=== SOURCE RECORDS ===
━━━━━━━━━━━━━━━━

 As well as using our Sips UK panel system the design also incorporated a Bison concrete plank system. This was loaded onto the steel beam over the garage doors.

━━━━━━━━━━━━━━━━

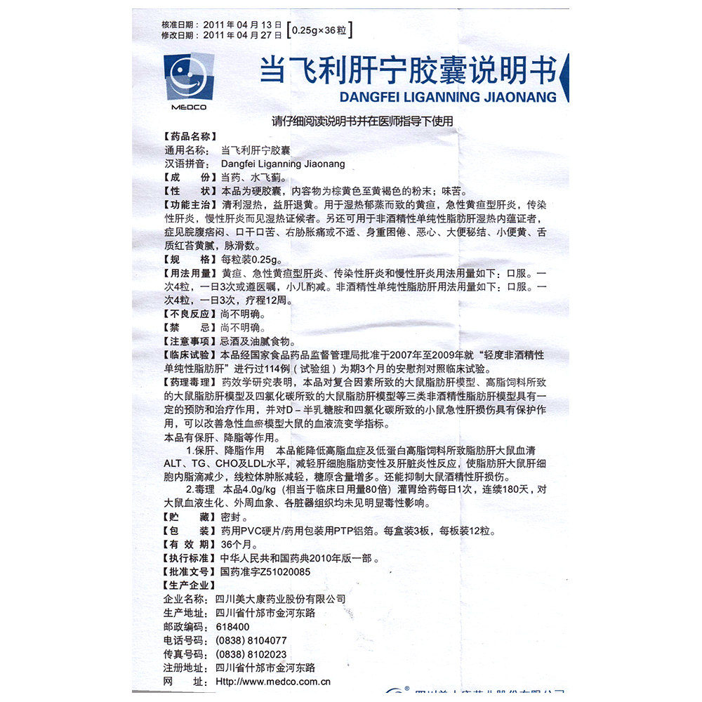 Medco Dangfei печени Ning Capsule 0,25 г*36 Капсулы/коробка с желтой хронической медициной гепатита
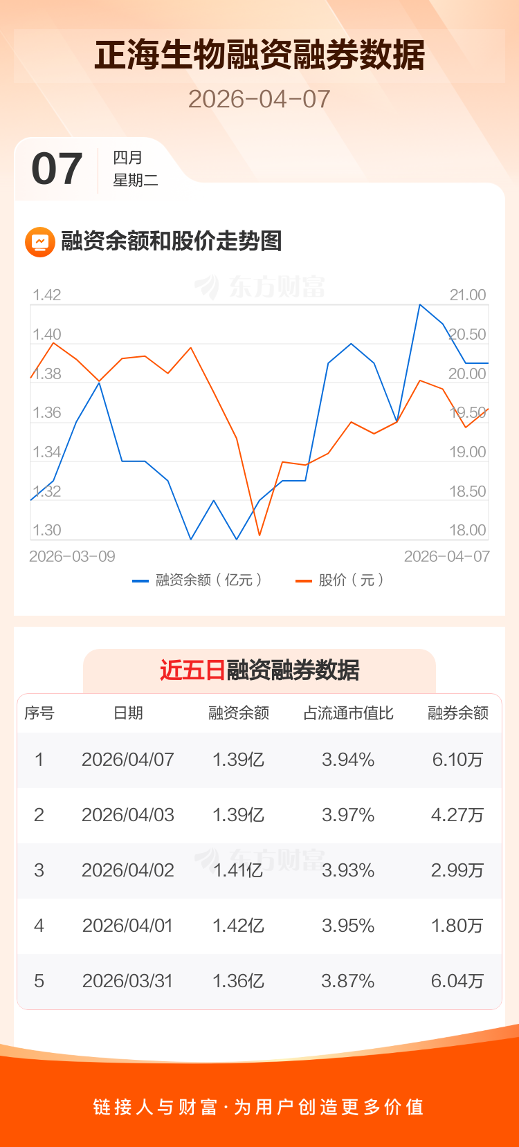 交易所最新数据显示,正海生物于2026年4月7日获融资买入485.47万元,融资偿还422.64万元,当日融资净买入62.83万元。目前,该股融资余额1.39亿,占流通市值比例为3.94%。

━━━━━━━━━━━━━━━━

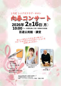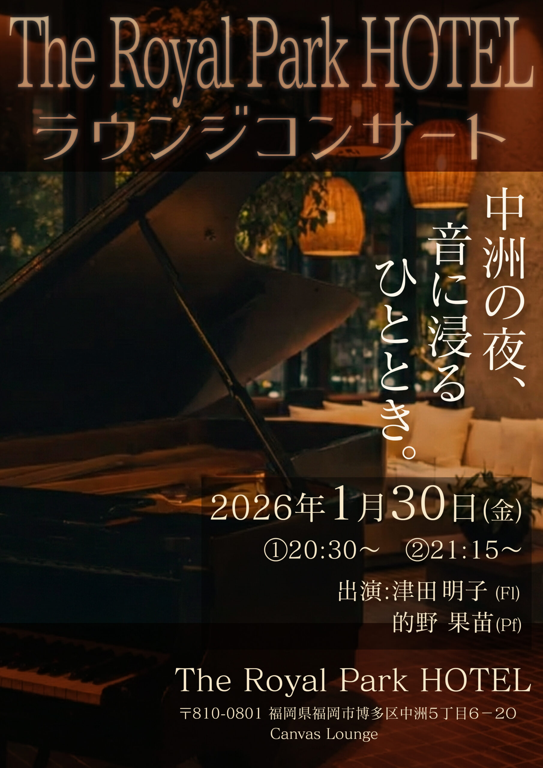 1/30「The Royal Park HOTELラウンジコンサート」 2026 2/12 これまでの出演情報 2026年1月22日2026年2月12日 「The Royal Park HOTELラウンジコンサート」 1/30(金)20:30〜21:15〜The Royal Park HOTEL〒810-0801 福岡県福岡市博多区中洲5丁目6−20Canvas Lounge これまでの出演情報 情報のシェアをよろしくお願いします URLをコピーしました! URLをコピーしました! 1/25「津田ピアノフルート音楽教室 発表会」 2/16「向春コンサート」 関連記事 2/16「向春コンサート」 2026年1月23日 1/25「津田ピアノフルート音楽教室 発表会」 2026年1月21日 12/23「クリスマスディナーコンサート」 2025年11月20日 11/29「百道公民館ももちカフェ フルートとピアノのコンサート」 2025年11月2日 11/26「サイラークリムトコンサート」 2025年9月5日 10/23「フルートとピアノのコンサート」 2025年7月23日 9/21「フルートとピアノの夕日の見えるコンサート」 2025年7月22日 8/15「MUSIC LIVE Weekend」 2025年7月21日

━━━━━━━━━━━━━━━━

=== INSTRUCTIONS FOR THE TASK ===
In the listing above, find the line with "Medco Dangfei печени" and the line with "交易所最新数据显示,正海生物". Transcribe those two and everything between, exactly, leaving out pictures.

=== EXERCISE ANSWER ===
 Medco Dangfei печени Ning Capsule 0,25 г*36 Капсулы/коробка с желтой хронической медициной гепатита
 交易所最新数据显示,正海生物于2026年4月7日获融资买入485.47万元,融资偿还422.64万元,当日融资净买入62.83万元。目前,该股融资余额1.39亿,占流通市值比例为3.94%。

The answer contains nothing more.